We'll need Numpy, Matplotlib, Pandas, and scipy.stats for this notebook, so let's load them. 

In [2]:
import numpy as np 
from scipy import stats
import pandas as pd 
import matplotlib.pyplot as plt 
%matplotlib inline

### Exercise 1 - Single Sample CI
*** 
Load `hubble.csv` into Python. A description of the variables can be obtained from page 73 of https://cran.r-project.org/web/packages/gamair/gamair.pdf.

In [4]:
filepath = '../data/hubble.csv'

df = pd.read_csv(filepath)

df.head(10)

Unnamed: 0,Galaxy,y,x
0,NGC0300,133,2.0
1,NGC0925,664,9.16
2,NGC1326A,1794,16.14
3,NGC1365,1594,17.95
4,NGC1425,1473,21.88
5,NGC2403,278,3.22
6,NGC2541,714,11.22
7,NGC2090,882,11.75
8,NGC3031,80,3.63
9,NGC3198,772,13.8


#### (a) Calculate the 85% confidence interval for the mean of a galaxy's distance from Earth in Mega parsecs in Python by doing the computation explicitly.  Use the large sample approximation even though we only have an n of 24.

In [7]:
n = len(df)
xbar = np.mean(df['x'])
svar = np.var(df['x'])
sd = np.sqrt(svar)
critz = stats.norm.ppf(.925)

print("CI: ", xbar - (critz*(sd/np.sqrt(n))), xbar + (critz*(sd/np.sqrt(n))))


CI:  10.381963208317911 13.727203458348756


#### (b) Can you find a built in stats function that does this computation automatically? 

In [8]:
stats.norm.interval(.85, loc=xbar, scale=sd/np.sqrt(n))

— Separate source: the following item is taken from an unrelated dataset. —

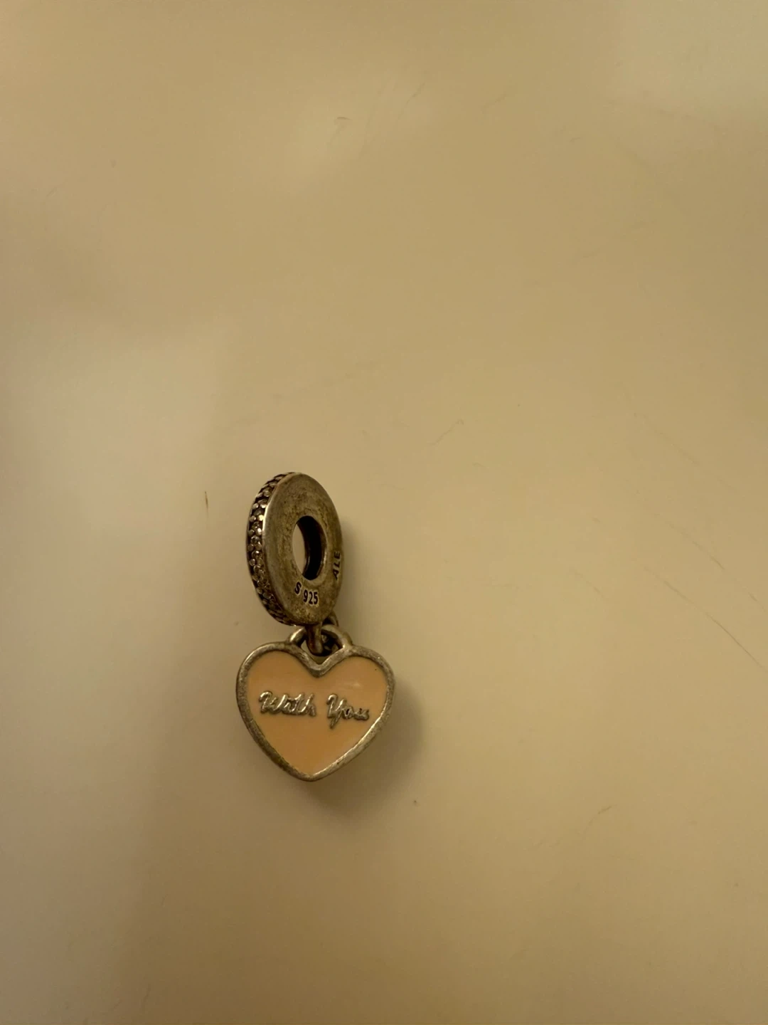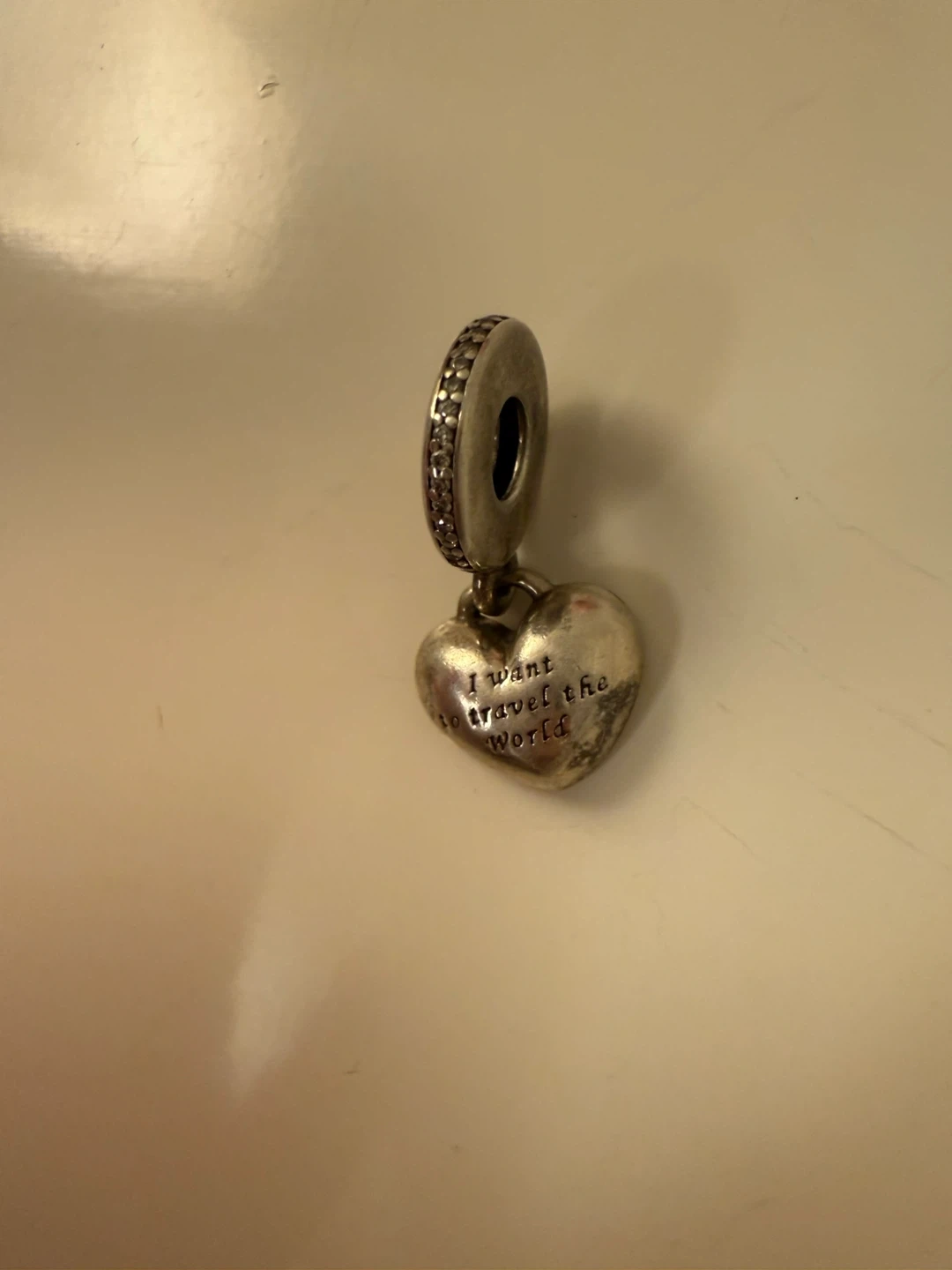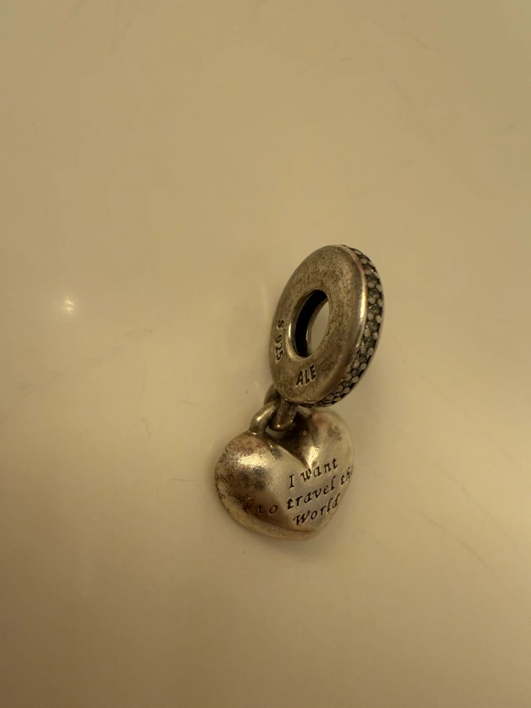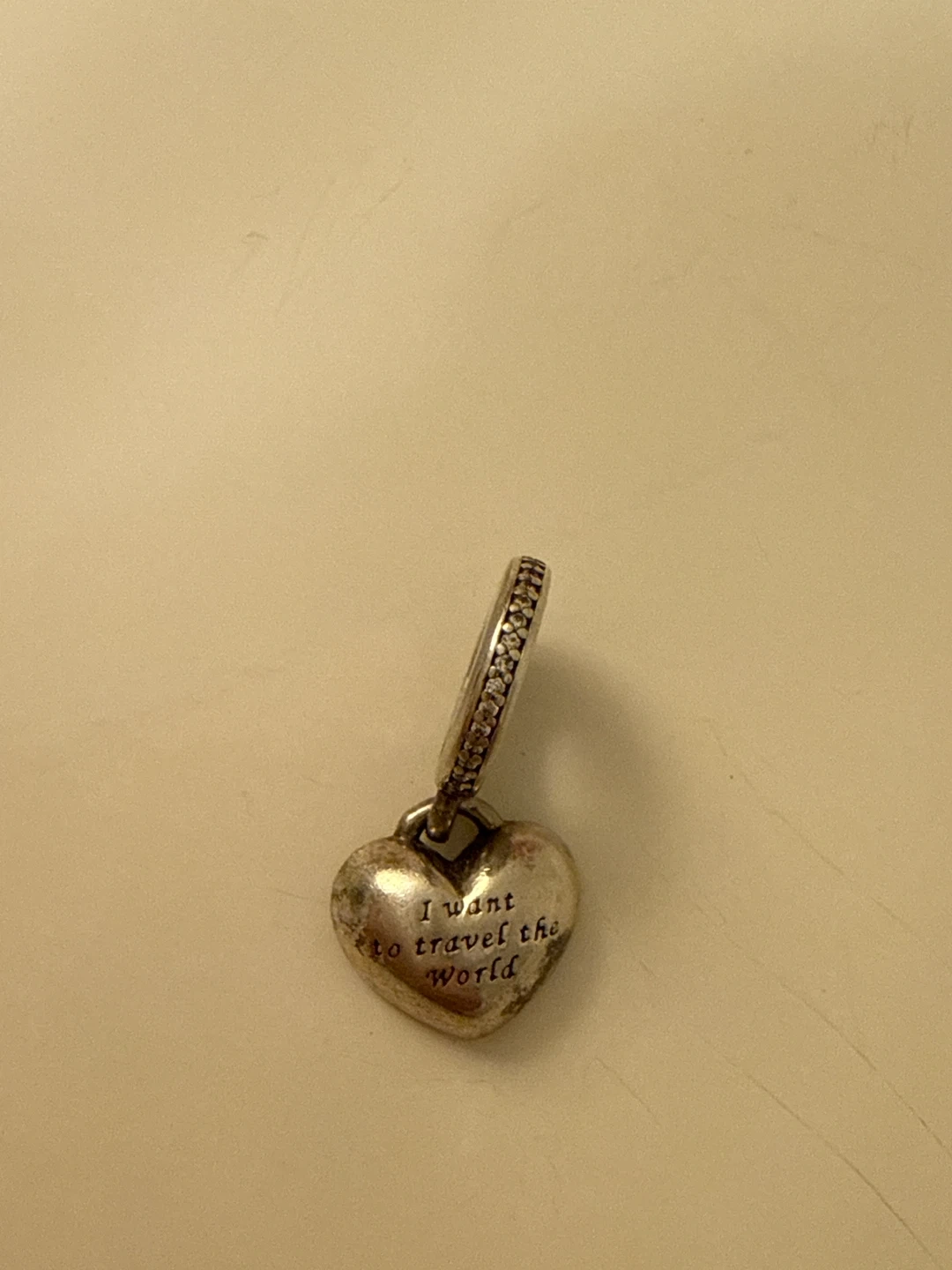 102Selling a Pandora heart dangle charm. It has the inscription 'I want to travel the World' on one side and 'With You' on the other. The charm is made of sterling silver and has some cubic zirconia detailing around the bail. It's in good condition and would be a lovely addition to your Pandora bracelet!

(10.381963208317911, 13.727203458348756)

#### (c) Interpret the confidence interval.

### Exercise 2 - Two Sample CI
*** 
Load `clean_titanic_data` into Python.

In [9]:
# Path to the data - select the path that works for you 
file_path = '../data/clean_titanic_data.csv'

# Load the data into a DataFrame 
df = pd.read_csv(file_path)
df.head(10)

Unnamed: 0,PassengerId,Survived,Pclass,Name,Sex,Age,SibSp,Parch,Ticket,Fare,Embarked
0,1,0,3,"Braund, Mr. Owen Harris",male,22.0,1,0,A/5 21171,7.25,S
1,2,1,1,"Cumings, Mrs. John Bradley (Florence Briggs Th...",female,38.0,1,0,PC 17599,71.2833,C
2,3,1,3,"Heikkinen, Miss. Laina",female,26.0,0,0,STON/O2. 3101282,7.925,S
3,4,1,1,"Futrelle, Mrs. Jacques Heath (Lily May Peel)",female,35.0,1,0,113803,53.1,S
4,5,0,3,"Allen, Mr. William Henry",male,35.0,0,0,373450,8.05,S
5,7,0,1,"McCarthy, Mr. Timothy J",male,54.0,0,0,17463,51.8625,S
6,8,0,3,"Palsson, Master. Gosta Leonard",male,2.0,3,1,349909,21.075,S
7,9,1,3,"Johnson, Mrs. Oscar W (Elisabeth Vilhelmina Berg)",female,27.0,0,2,347742,11.1333,S
8,10,1,2,"Nasser, Mrs. Nicholas (Adele Achem)",female,14.0,1,0,237736,30.0708,C
9,11,1,3,"Sandstrom, Miss. Marguerite Rut",female,4.0,1,1,PP 9549,16.7,S


#### a) Calculate a 98% CI for the survival rate of all passengers.

In [None]:
stats.norm.interval(.85, loc=xbar, scale=sd/np.sqrt(n))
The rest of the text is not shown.